#### [PROMPT]
In this exercise, the entries below include pictures. Repeat exactly the lines from the line with "एयरपोर्ट पर सीएम" to the line with "Strand Open Rug", including both, but without the pictures.

#### [TASK DATA]

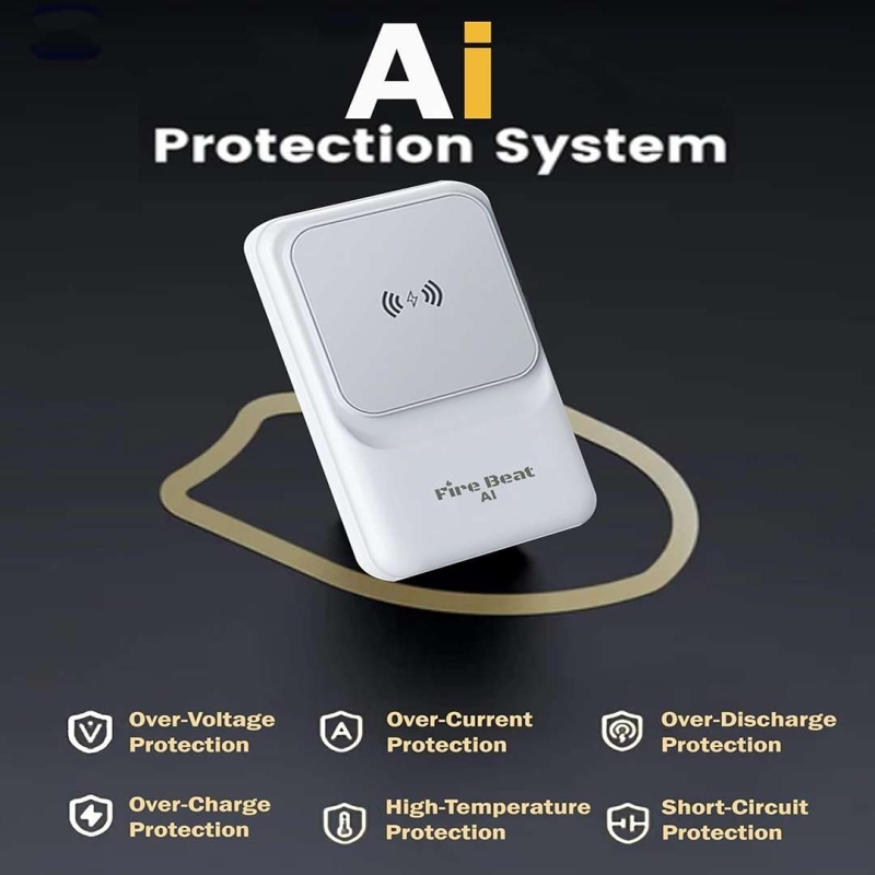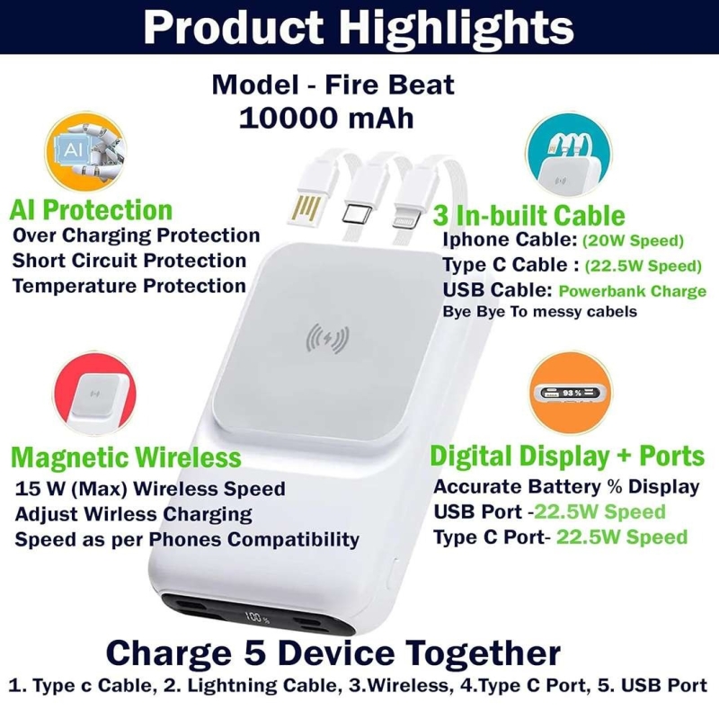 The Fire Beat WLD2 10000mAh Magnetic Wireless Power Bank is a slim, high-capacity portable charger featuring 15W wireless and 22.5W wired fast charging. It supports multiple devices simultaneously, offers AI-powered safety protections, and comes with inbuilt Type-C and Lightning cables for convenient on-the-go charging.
...
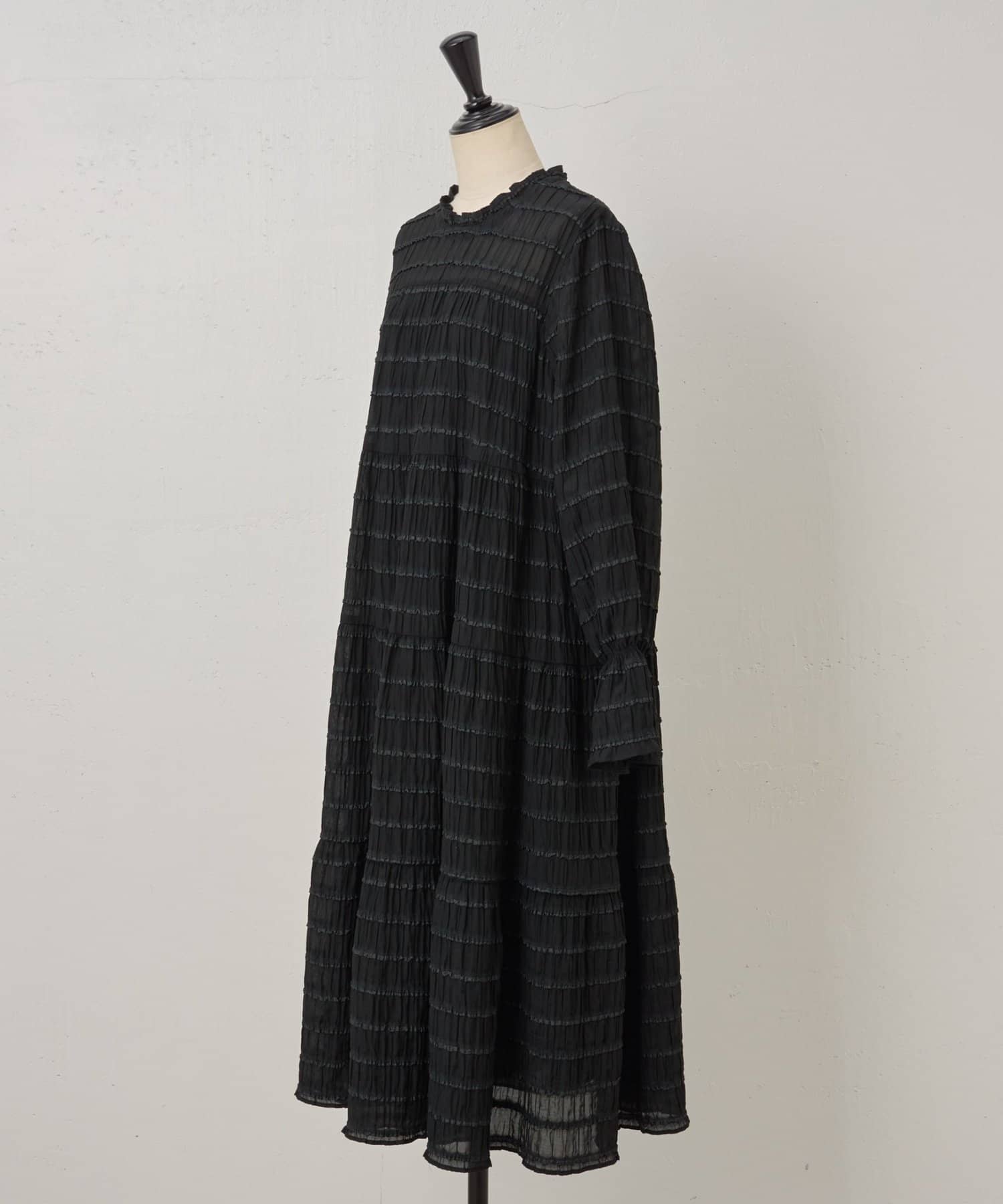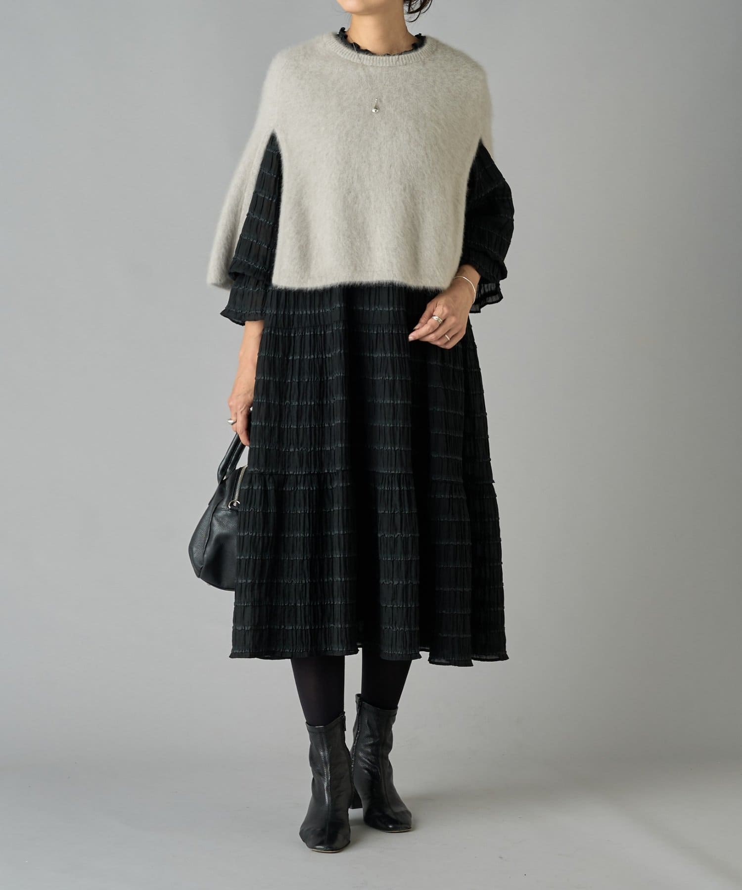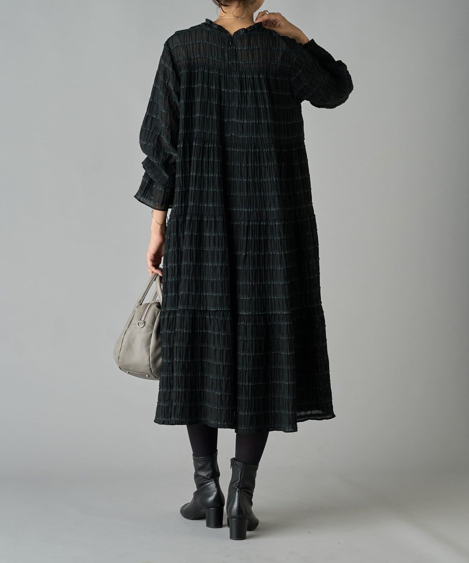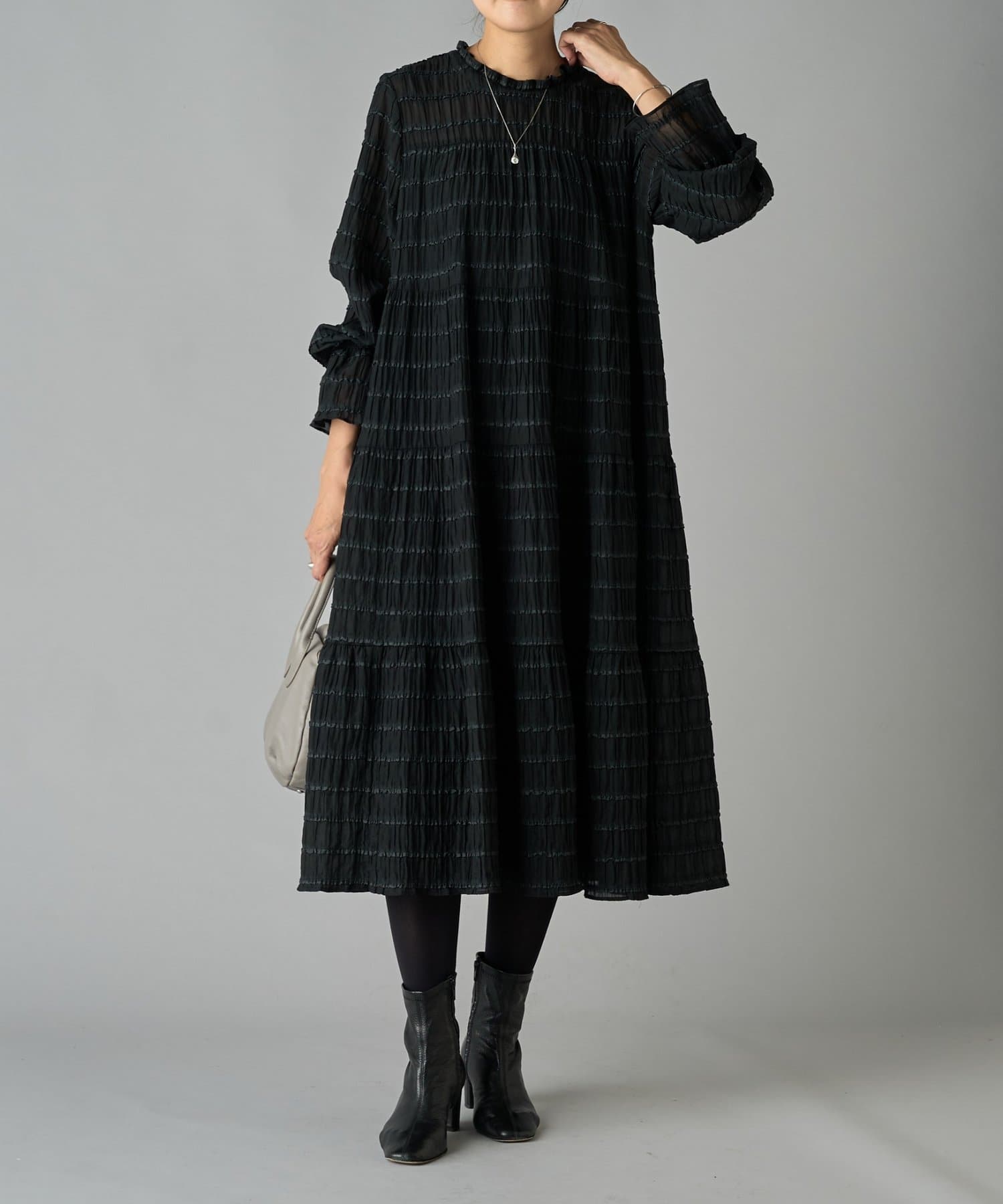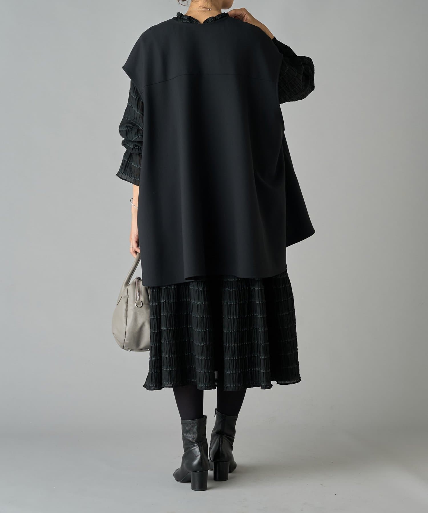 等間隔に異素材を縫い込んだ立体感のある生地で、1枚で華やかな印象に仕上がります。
* * *
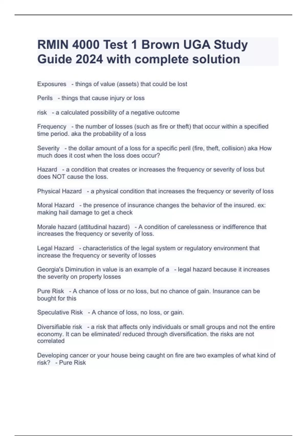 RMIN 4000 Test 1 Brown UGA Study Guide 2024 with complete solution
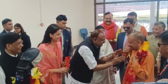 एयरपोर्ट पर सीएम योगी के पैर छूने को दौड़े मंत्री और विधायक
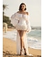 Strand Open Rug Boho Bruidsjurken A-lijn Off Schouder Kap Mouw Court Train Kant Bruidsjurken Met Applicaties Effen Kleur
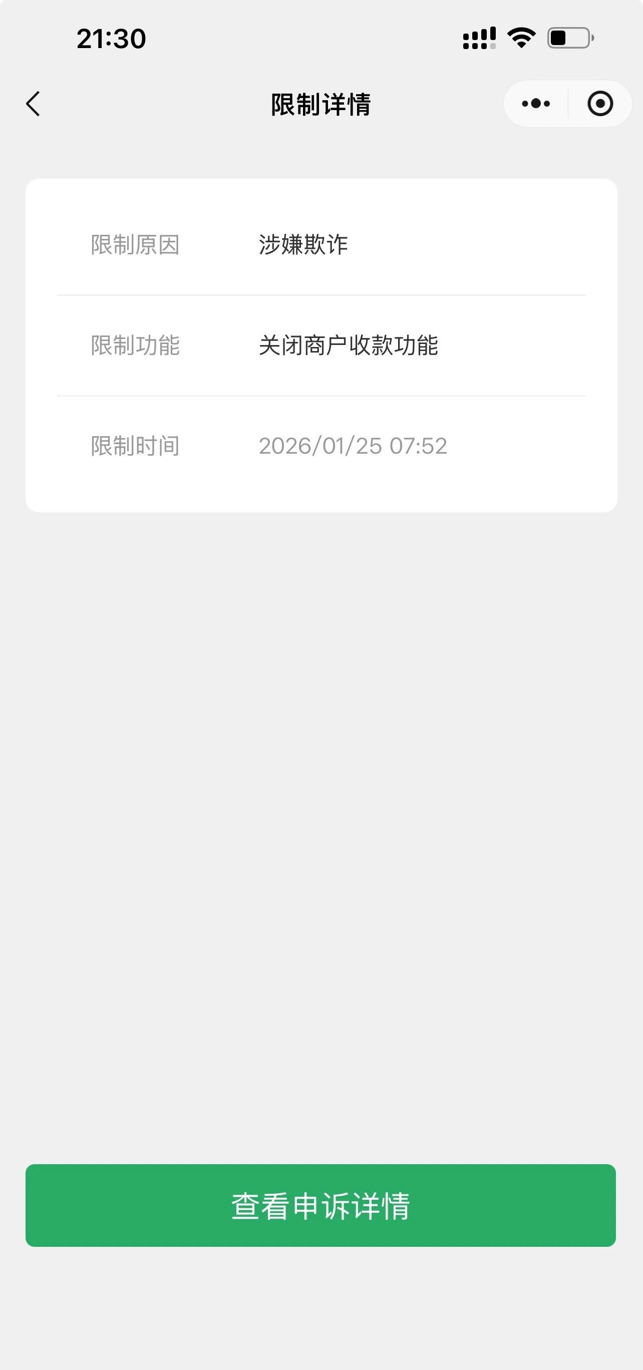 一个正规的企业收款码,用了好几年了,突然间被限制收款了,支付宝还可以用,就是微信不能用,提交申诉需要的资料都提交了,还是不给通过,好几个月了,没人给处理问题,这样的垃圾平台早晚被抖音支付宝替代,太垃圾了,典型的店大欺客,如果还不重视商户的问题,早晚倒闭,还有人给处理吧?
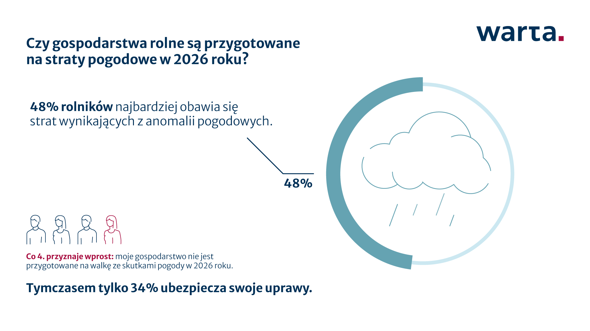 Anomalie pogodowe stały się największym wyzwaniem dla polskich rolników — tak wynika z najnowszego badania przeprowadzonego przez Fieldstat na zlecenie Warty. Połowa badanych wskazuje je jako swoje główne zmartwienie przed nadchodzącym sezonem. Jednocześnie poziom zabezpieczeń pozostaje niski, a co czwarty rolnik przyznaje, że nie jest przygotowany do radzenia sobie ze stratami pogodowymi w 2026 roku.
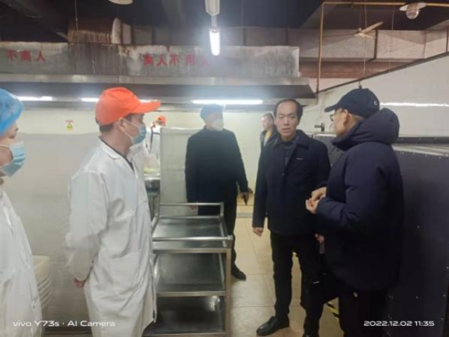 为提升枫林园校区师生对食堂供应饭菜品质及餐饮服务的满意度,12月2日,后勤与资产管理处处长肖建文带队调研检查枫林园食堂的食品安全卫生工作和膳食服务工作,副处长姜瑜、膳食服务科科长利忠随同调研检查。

#### [RESULT FOR THIS EXERCISE]
 एयरपोर्ट पर सीएम योगी के पैर छूने को दौड़े मंत्री और विधायक
 Strand Open Rug Boho Bruidsjurken A-lijn Off Schouder Kap Mouw Court Train Kant Bruidsjurken Met Applicaties Effen Kleur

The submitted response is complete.